One question that has been raised is why do we copy packages from hackage into LocalHackage. cabal allows you to specify a union of repositories -- so we could have only the local sources in localhackage and get the remote sources from hackage. However, that does require some extra trickery. In the build stage we are currently just doing 'cabal install foo' to install the packages. Because LocalHackage only contains the packages we want to consider, we do not need any version constraints. If we included hackage + localhackage, then we would need to add a bunch of --constraints flags during the build stage so that cabal does not try to use packages from hackage that we eliminated in previous steps. 

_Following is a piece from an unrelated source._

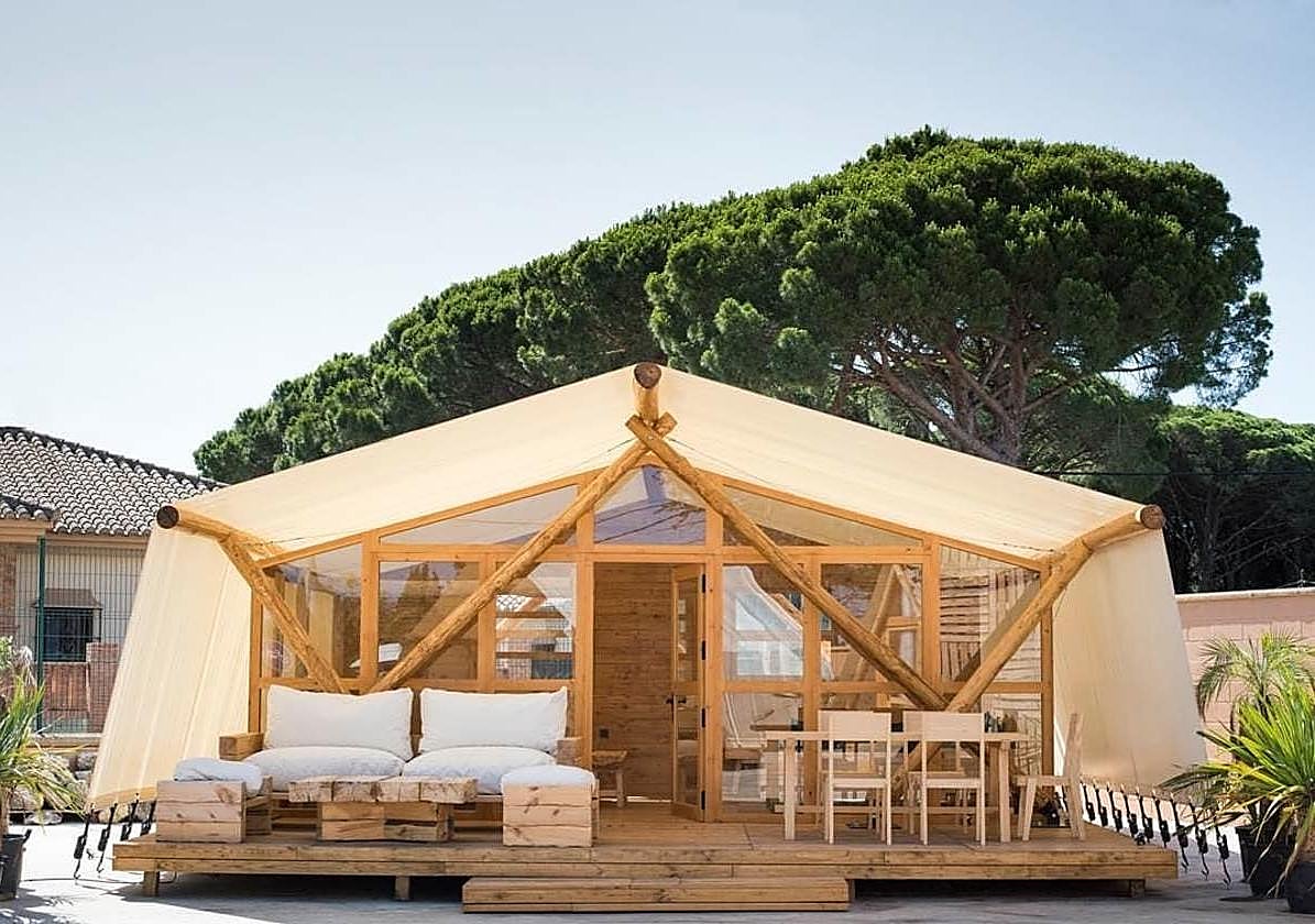 "Among the ideals are respect for nature and the quality of the materials used. The Almoraima tent, one of the spacious rooms in their glamping range, is built with chestnut wood from sustainable forests in Salamanca, which offers a unique protection against the weather."

So, we are currently using a whitelist approach instead of a blacklist approach. There are a few advantages to the whitelist approach. One is that we have a LocalHackage repository that represents exactly what was available at the time of the build. In the case of build failures, this makes it easier for developers to diagnose the problems. They can simply point their cabal at that localhackage and run 'cabal install foo'. They do not need to also add a bunch of constraints flags.

Also, in the case of a buildfarm, the LocalHackage server could be on the same subnet as the buildbots. So, they would be able to get the source over a local connection instead of having to go to hackage if they don't already have the package cache locally.

It is not clear what the advantage of using remote hackage + constraints are. The packages have to be downloaded from hackage either way and it seems more complicated. The time required to generate the 00-index.tar should not be significantly affected by having to insert all the packages instead of just the local packages. 

Conclusion
==========

The current design is still very much open for discussion. If you think it is wrong, please let us know! One big problem has been that lack of information explaining the current design. I hope this message will serve as a starting point for understanding the design, goals, and philosophy. We are also very interested in poking holes in the design before we write too much code. Doing a health amount of upfront design and thought can save us a lot of pain in the long wrong. Adding new tricky cases would be a big help! Especially ones that the current design fails on.

Obviously, writing code is more fun than writing design docs. But there will be plenty of code to write soon enough.